Immediate implant placement with Straumann TLC™ implants in maxillary esthetic zone
Introduction
Implant therapy in the maxillary aesthetic zone presents significant biological and prosthetic challenges, particularly when immediate placement protocols are adopted. Maintaining peri-implant soft tissue stability, emergence profile control, and long-term aesthetic outcomes remains critical. Tissue Level implants have not traditionally been used in aesthetic sites; however, their hybrid design may offer advantages in soft tissue preservation by maintaining a stable transmucosal interface. Evidence supporting their use in immediate placement protocols in the aesthetic zone remains limited.
Initial situation
A 73-year-old female patient was referred for assessment of failing maxillary anterior restorations. Her chief complaint was compromised aesthetics and function due to fractured fixed dental prostheses. A three-unit bridge spanning #21, 22, 23 had failed following fracture of the abutment teeth at gingival level (Figs. 1a-c). A second bridge replacing #11, 12, 13 exhibited ceramic fracture and questionable abutment prognosis (Figs. 2a-c). The patient had been provided with a removable acrylic partial denture as an interim solution.
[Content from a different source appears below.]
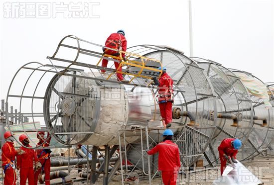 2023年8月22日,塔里木油田工人在富源联合站建设现场为吸收塔加装保温材料。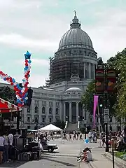El Capitolio del Estado de Wisconsin (en inglés Wisconsin State Capitol) es un edificio situado en Madison, la capital del estado de Wisconsin (Estados Unidos). Alberga las dos cámaras de la Legislatura del estado junto con la Corte Suprema y la Oficina del Gobernador. Terminado en 1917, es el quinto en servir como el capitolio de Wisconsin desde la primera legislatura territorial convocada en 1836 y el tercer edificio desde que accedió la condición de estado en 1848.[1] El Capitolio es el edificio más alto de Madison, una distinción que ha sido preservada por la legislación que prohíbe los edificios más altos que las columnas que rodean la cúpula (187 pies). Está ubicado en el extremo suroeste del Istmo de Madison. Las calles que rodean el edificio forman la Plaza del Capitolio. Fue incluido en el Registro Nacional de Lugares Históricos en 1970 y nombrado Hito Histórico Nacional en 2001.[2]

Figs. 1 a-c: Preoperative clinical situation.
Figs. 2 a-c: Preoperative radiographic situation of the maxillary anterior teeth.
The patient was a non-smoker with a history of well-controlled hypertension and hypothyroidism. Periodontal assessment revealed stable health with no active inflammation. Remaining teeth were moderately restored without significant pathology. The gingival phenotype was thick, and the maxillary central incisors displayed a length-to-width ratio exceeding 80%, resulting in short, wide clinical crowns.
Radiographic evaluation, including CBCT (Figs. 3 a–c), showed Class IV root positioning of the maxillary anterior teeth with buccal bone thickness < 1 mm. No periapical pathology was present. Based on clinical and radiographic findings, the prognosis for the maxillary anterior abutment teeth was poor.
Figs. 3a-c: Preoperative CBCT #13, 11, 23.
Diagnoses
- Acquired tooth loss
- Failed maxillary anterior fixed dental prostheses (#11, 12, 13 - #21, 22, 23)
- Root fractures of #21, 22, 23
- Failing maxillary bridge (#11, 12, 13 with ceramic fracture of #11)
Treatment planning
The patient expressed a strong preference for a fixed, implant-supported solution prioritizing aesthetics and function. A prosthetically driven treatment plan was formulated.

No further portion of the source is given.